Creating an AI Agent-Based System with LangGraph: Adding Persistence and Streaming (Step by Step Guide)

Contents

Setting Up the Agent Adding Persistence Adding Streaming Streaming Tokens Conclusion

In our previous tutorial, we built an AI agent capable of answering queries by surfing the web. However, when building agents for longer-running tasks, two critical concepts come into play: persistence and streaming. Persistence allows you to save the state of an agent at any given point, enabling you to resume from that state in future interactions. This is crucial for long-running applications. On the other hand, streaming lets you emit real-time signals about what the agent is doing at any moment, providing transparency and control over its actions. In this tutorial, we’ll enhance our agent by adding these powerful features.

Setting Up the Agent

Let’s start by recreating our agent. We’ll load the necessary environment variables, install and import the required libraries, set up the Tavily search tool, define the agent state, and finally, build the agent.

Copy Code

pip install langgraph==0.2.53 langgraph-checkpoint==2.0.6 langgraph-sdk==0.1.36 langchain-groq langchain-community langgraph-checkpoint-sqlite==2.0.1

Copy Code

import os
os.environ['TAVILY_API_KEY'] = "<TAVILY_API_KEY>"
os.environ['GROQ_API_KEY'] = "<GROQ_API_KEY>"
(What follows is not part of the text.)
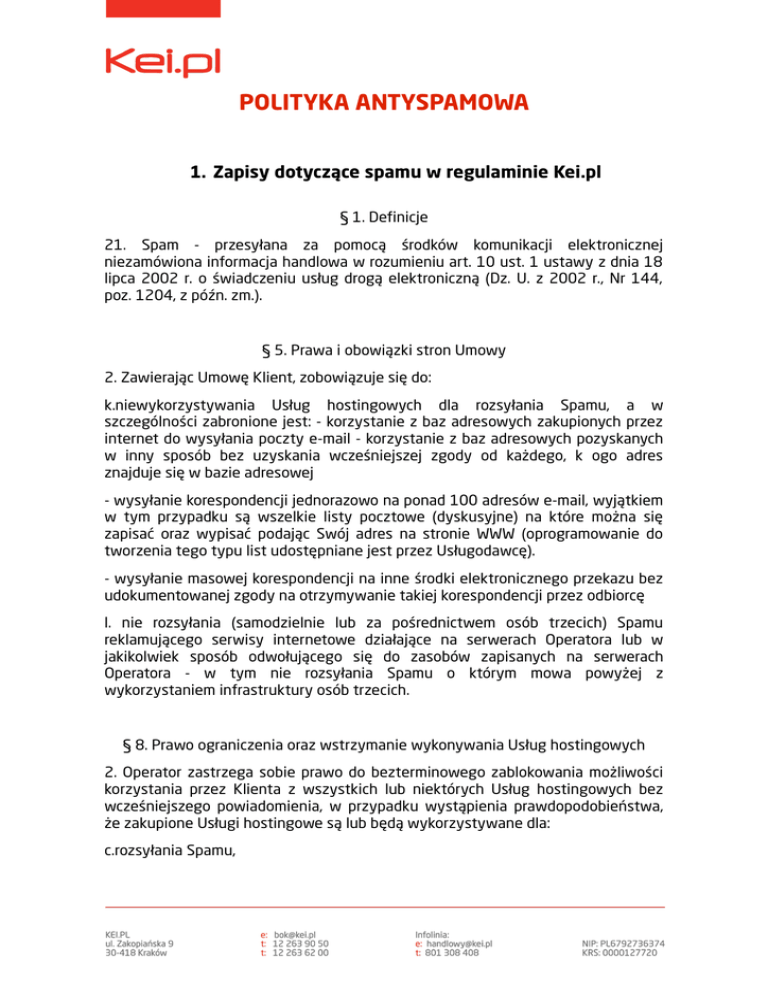 POLITYKA ANTYSPAMOWA 1. Zapisy dotyczące spamu w regulaminie Kei.pl § 1. Definicje 21. Spam - przesyłana za pomocą środków komunikacji elektronicznej niezamówiona informacja handlowa w rozumieniu art. 10 ust. 1 ustawy z dnia 18 lipca 2002 r. o świadczeniu usług drogą elektroniczną (Dz. U. z 2002 r., Nr 144, poz. 1204, z późn. zm.). § 5. Prawa i obowiązki stron Umowy 2. Zawierając Umowę Klient, zobowiązuje się do: k.niewykorzystywania Usług hostingowych dla rozsyłania Spamu, a w szczególności zabronione jest: - korzystanie z baz adresowych zakupionych przez internet do wysyłania poczty e-mail - korzystanie z baz adresowych pozyskanych w inny sposób bez uzyskania wcześniejszej zgody od każdego, k ogo adres znajduje się w bazie adresowej - wysyłanie korespondencji jednorazowo na ponad 100 adresów e-mail, wyjątkiem w tym przypadku są wszelkie listy pocztowe (dyskusyjne) na które można się zapisać oraz wypisać podając Swój adres na stronie WWW (oprogramowanie do tworzenia tego typu list udostępniane jest przez Usługodawcę). - wysyłanie masowej korespondencji na inne środki elektronicznego przekazu bez udokumentowanej zgody na otrzymywanie takiej korespondencji przez odbiorcę l. nie rozsyłania (samodzielnie lub za pośrednictwem osób trzecich) Spamu reklamującego serwisy internetowe działające na serwerach Operatora lub w jakikolwiek sposób odwołującego się do zasobów zapisanych na serwerach Operatora - w tym nie rozsyłania Spamu o którym mowa powyżej z wykorzystaniem infrastruktury osób trzecich. § 8. Prawo ograniczenia oraz wstrzymanie wykonywania Usług hostingowych 2. Operator zastrzega sobie prawo do bezterminowego zablokowania możliwości korzystania przez Klienta z wszystkich lub niektórych Usług hostingowych bez wcześniejszego powiadomienia, w przypadku wystąpienia prawdopodobieństwa, że zakupione Usługi hostingowe są lub będą wykorzystywane dla: c.rozsyłania Spamu, § 16. Rozwiązanie Umowy 5. Operator ma prawo do wypowiedzenia Umowy ze skutkiem natychmiastowym i zaprzestania świadczenia Usług hostingowych w przypadku: e. podjęcia przez Klienta lub Użytkownika działań, które będą skutkowały niewykonaniem któregokolwiek z obowiązków wskazanych w &5.2 w pkt. od h) do l) Regulaminu " 2. Spam a polskie prawo Ustawa z dnia 29 sierpnia 1997 r. o ochronie danych osobowych. http://isap.sejm.gov.pl/DetailsServlet?id=WDU19971330883 Ustawa z dnia 18 lipca 2002 r. o świadczeniu usług drogą elektroniczną. http://isap.sejm.gov.pl/DetailsServlet?id=WDU20021441204 "Art. 2. Określenia użyte w ustawie oznaczają: (...) 2) informacja handlowa - każdą informację przeznaczoną bezpośrednio lub pośrednio do promowania towarów, usług lub wizerunku przedsiębiorcy lub osoby wykonującej zawód, której prawo do wykonywania zawodu jest uzależnione od spełnienia wymagań określonych w odrębnych ustawach, z wyłączeniem informacji umożliwiającej porozumiewanie się za pomocą środków komunikacji elektronicznej z określoną osobą oraz informacji o towarach i usługach niesłużącej osiągnięciu efektu handlowego pożądanego przez podmiot, który zleca jej rozpowszechnianie, w szczególności bez wynagrodzenia lub innych korzyści od producentów, sprzedawców i świadczących usługi. Art. 10. 1. Zakazane jest przesyłanie niezamówionej informacji handlowej skierowanej do oznaczonego odbiorcy za pomocą środków komunikacji elektronicznej, w szczególności poczty elektronicznej. 2. Informację handlową uważa się za zamówioną, jeżeli odbiorca wyraził zgodę na otrzymywanie takiej informacji, w szczególności udostępnił w tym celu identyfikujący go adres elektroniczny. Art. 4. 1. Jeżeli ustawa wymaga uzyskania zgody usługobiorcy to zgoda ta: a) nie może być domniemana lub dorozumiana z oświadczenia woli o innej treści, b) może być odwołana w każdym czasie. 2. Usługodawca wykazuje uzyskanie zgody, o której mowa w ust. 1, dla celów dowodowych. Art. 24. 1. Kto przesyła za pomocą środków komunikacji elektronicznej niezamówione informacje handlowe, podlega karze grzywny. 2. ściganie wykroczenia, o którym mowa w ust. 1, następuje na wniosek pokrzywdzonego. " 3. Procedury obowiązujące w Kei.pl dotyczące użytkowników rozsyłających Spam (procedura ma wyłącznie charakter informacyjny i w żaden sposób nie wpływa na zapisy regulaminu Kei.pl) 1. Poszkodowany zgłasza spam, który otrzymał na swoją skrzynkę e-mail. 2. Kei.pl przesyła informację o spamie wysłanym przez użytkownika serwera w Kei.pl do bezpośredniego Klienta z tzw. pierwszym ostrzeżeniem. Jest to informacja która mówi o tym iż dany użytkownik wysłał spam i prosimy o pouczenie go. Wiadomość ta również zawiera informację iż jeśli otrzymamy kolejne zgłoszenie spamu wysyłanego przez tego użytkownika to jego domena zostania usunięta z dns bez możliwości jej przywrócenia. 3. Jeśli nie otrzymamy zgłoszenie o kolejnej wysyłce w ciągu 12 miesięcy zgłoszenie jest zamykane. 4. Jeśli uzytkownik wysyła spam ponownie jego domen lub konto email (jeśli nie korzystał z własnej domeny) jest usuwana. 5. O fakcie usunięcia domeny z DNS powiadamiany jest bezpośredni Klient Kei.pl. 4. Konsekwencje prawne W Polsce dotychczas rozpatrzono kilkanaście spraw dotyczących rozsyłania niezamówionej informacji handlowej przez firmy. Wysokość grzywn wynosiła kilka tysięcy złotych. Firmy rozsyłające tego typu reklamy były zmuszone do zapłacenia również kosztów sądowych oraz odszkodowania na rzecz poszkodowanego z tytułu poniesionych strat. 5. Zalecenia UOKIK Wybrane: Jak uzyskać zgodę adresata? Przedsiębiorcy chcący skorzystać z reklamy za pomocą poczty elektronicznej muszą uzyskać zgodę danego konsumenta na jej otrzymanie. Brak takiej zgody przed przesłaniem wiadomości stanowiącej ofertę lub reklamę stanowi naruszenie prawa i może być ścigane na drodze indywidualne
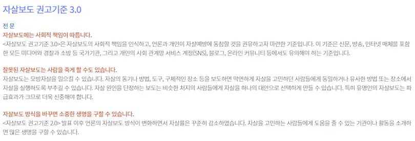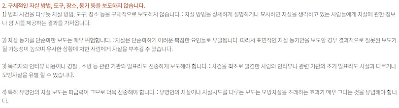 이외에도 자살 관련 사진 및 영상 금지 자살 합리화 금지 등등이 있음

from langgraph.graph import StateGraph, END
from typing import TypedDict, Annotated
import operator
from langchain_core.messages import AnyMessage, SystemMessage, HumanMessage, ToolMessage
from langchain_groq import ChatGroq
from langchain_community.tools.tavily_search import TavilySearchResults

tool = TavilySearchResults(max_results=2)

class AgentState(TypedDict):
    messages: Annotated[list[AnyMessage], operator.add]

class Agent:
    def __init__(self, model, tools, system=""):
        self.system = system
        graph = StateGraph(AgentState)
        graph.add_node("llm", self.call_openai)
        graph.add_node("action", self.take_action)
        graph.add_conditional_edges("llm", self.exists_action, {True: "action", False: END})
        graph.add_edge("action", "llm")
        graph.set_entry_point("llm")
        self.graph = graph.compile()
        self.tools = {t.name: t for t in tools}
        self.model = model.bind_tools(tools)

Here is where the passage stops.